> _Work item_: Give back the records below exactly, every one, with no pictures.

> _Data records_:
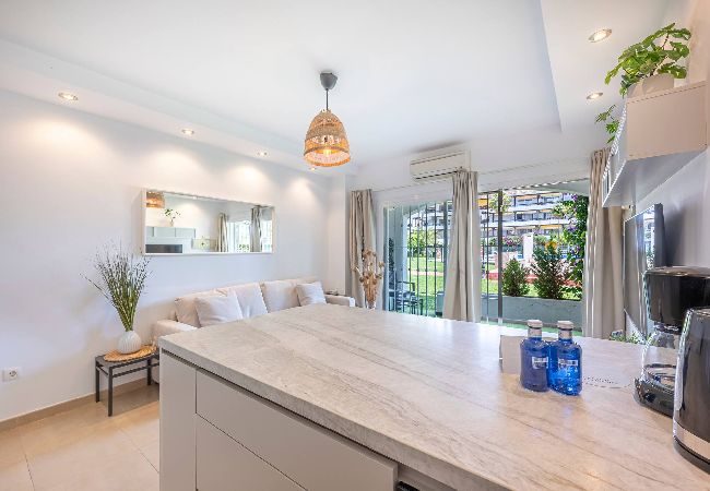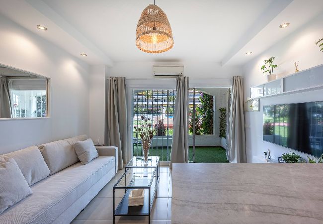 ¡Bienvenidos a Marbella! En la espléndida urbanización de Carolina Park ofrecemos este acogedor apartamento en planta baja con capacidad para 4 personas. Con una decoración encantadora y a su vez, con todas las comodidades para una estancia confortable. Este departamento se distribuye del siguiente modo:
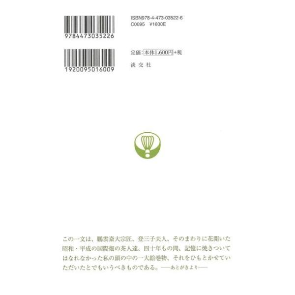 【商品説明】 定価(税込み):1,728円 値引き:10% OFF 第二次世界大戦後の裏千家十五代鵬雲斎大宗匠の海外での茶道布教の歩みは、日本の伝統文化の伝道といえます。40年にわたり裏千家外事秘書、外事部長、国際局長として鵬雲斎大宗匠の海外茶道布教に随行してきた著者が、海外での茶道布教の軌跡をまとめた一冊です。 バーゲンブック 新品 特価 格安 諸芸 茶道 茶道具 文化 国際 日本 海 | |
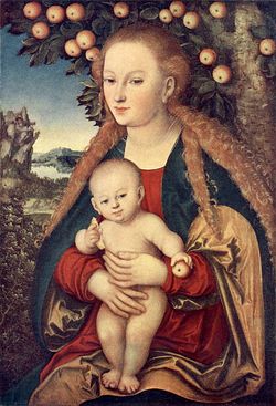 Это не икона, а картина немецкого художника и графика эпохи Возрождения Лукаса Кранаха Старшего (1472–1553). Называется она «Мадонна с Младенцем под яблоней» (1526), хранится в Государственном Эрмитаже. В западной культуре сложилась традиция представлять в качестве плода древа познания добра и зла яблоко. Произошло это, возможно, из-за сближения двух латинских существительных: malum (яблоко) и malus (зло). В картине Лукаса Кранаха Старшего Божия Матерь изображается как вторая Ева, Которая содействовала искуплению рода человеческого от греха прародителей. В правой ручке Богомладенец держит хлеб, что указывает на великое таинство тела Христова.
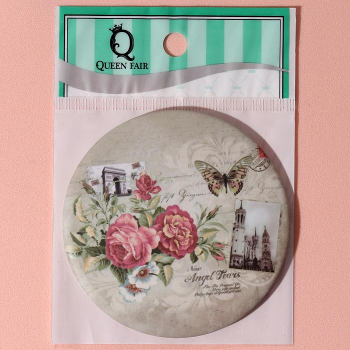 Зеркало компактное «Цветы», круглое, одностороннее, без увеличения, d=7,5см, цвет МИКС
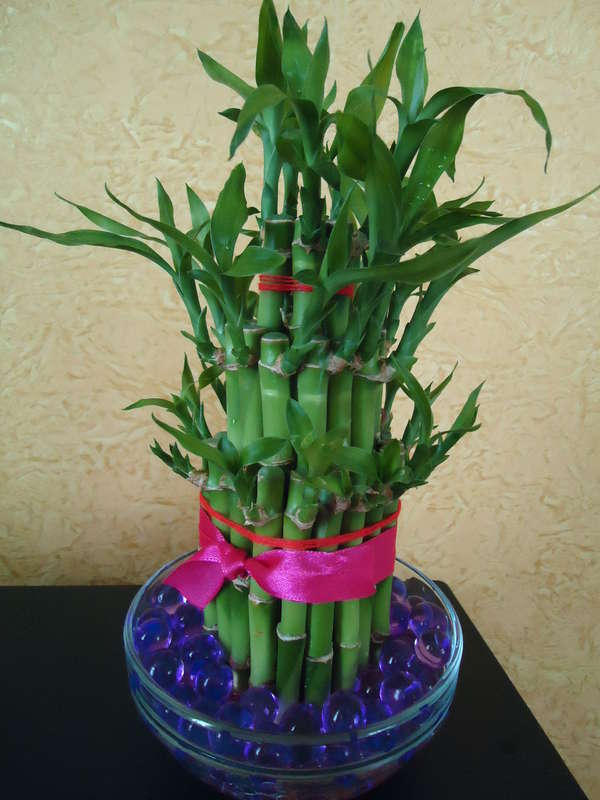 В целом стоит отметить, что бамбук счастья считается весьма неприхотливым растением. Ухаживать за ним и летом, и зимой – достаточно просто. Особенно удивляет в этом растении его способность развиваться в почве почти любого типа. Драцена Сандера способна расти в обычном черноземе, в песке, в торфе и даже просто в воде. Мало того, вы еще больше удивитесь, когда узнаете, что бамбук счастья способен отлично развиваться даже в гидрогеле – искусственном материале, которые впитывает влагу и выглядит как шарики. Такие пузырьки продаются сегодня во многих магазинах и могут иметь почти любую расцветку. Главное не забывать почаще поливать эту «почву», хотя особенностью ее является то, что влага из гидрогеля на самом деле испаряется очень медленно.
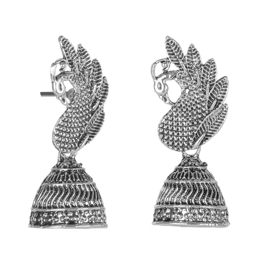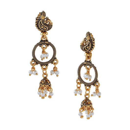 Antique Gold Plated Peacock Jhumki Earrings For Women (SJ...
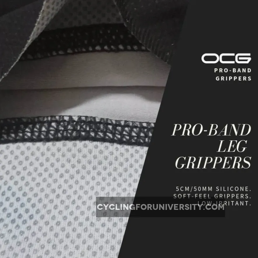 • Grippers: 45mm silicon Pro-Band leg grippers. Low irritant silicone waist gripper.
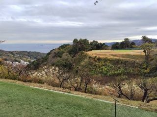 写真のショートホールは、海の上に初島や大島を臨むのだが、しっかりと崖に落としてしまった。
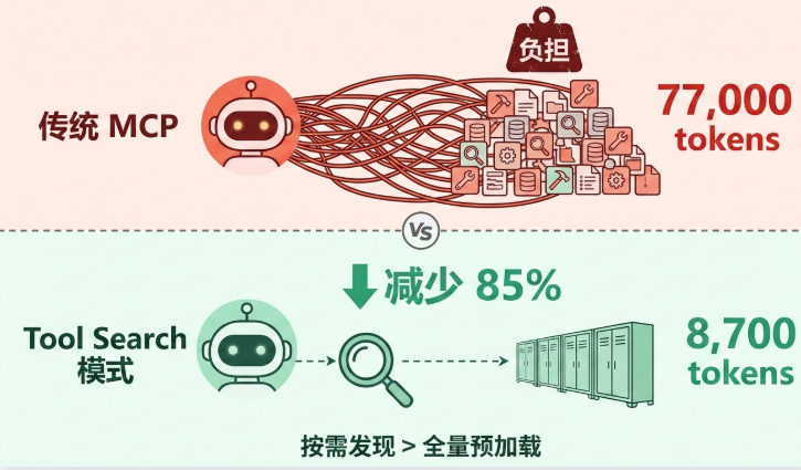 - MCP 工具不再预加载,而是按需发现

> _Answer to the problem_:
 ¡Bienvenidos a Marbella! En la espléndida urbanización de Carolina Park ofrecemos este acogedor apartamento en planta baja con capacidad para 4 personas. Con una decoración encantadora y a su vez, con todas las comodidades para una estancia confortable. Este departamento se distribuye del siguiente modo:
 【商品説明】 定価(税込み):1,728円 値引き:10% OFF 第二次世界大戦後の裏千家十五代鵬雲斎大宗匠の海外での茶道布教の歩みは、日本の伝統文化の伝道といえます。40年にわたり裏千家外事秘書、外事部長、国際局長として鵬雲斎大宗匠の海外茶道布教に随行してきた著者が、海外での茶道布教の軌跡をまとめた一冊です。 バーゲンブック 新品 特価 格安 諸芸 茶道 茶道具 文化 国際 日本 海 | |
 Это не икона, а картина немецкого художника и графика эпохи Возрождения Лукаса Кранаха Старшего (1472–1553). Называется она «Мадонна с Младенцем под яблоней» (1526), хранится в Государственном Эрмитаже. В западной культуре сложилась традиция представлять в качестве плода древа познания добра и зла яблоко. Произошло это, возможно, из-за сближения двух латинских существительных: malum (яблоко) и malus (зло). В картине Лукаса Кранаха Старшего Божия Матерь изображается как вторая Ева, Которая содействовала искуплению рода человеческого от греха прародителей. В правой ручке Богомладенец держит хлеб, что указывает на великое таинство тела Христова.
 Зеркало компактное «Цветы», круглое, одностороннее, без увеличения, d=7,5см, цвет МИКС
 В целом стоит отметить, что бамбук счастья считается весьма неприхотливым растением. Ухаживать за ним и летом, и зимой – достаточно просто. Особенно удивляет в этом растении его способность развиваться в почве почти любого типа. Драцена Сандера способна расти в обычном черноземе, в песке, в торфе и даже просто в воде. Мало того, вы еще больше удивитесь, когда узнаете, что бамбук счастья способен отлично развиваться даже в гидрогеле – искусственном материале, которые впитывает влагу и выглядит как шарики. Такие пузырьки продаются сегодня во многих магазинах и могут иметь почти любую расцветку. Главное не забывать почаще поливать эту «почву», хотя особенностью ее является то, что влага из гидрогеля на самом деле испаряется очень медленно.
 Antique Gold Plated Peacock Jhumki Earrings For Women (SJ...
 • Grippers: 45mm silicon Pro-Band leg grippers. Low irritant silicone waist gripper.
 写真のショートホールは、海の上に初島や大島を臨むのだが、しっかりと崖に落としてしまった。
 - MCP 工具不再预加载,而是按需发现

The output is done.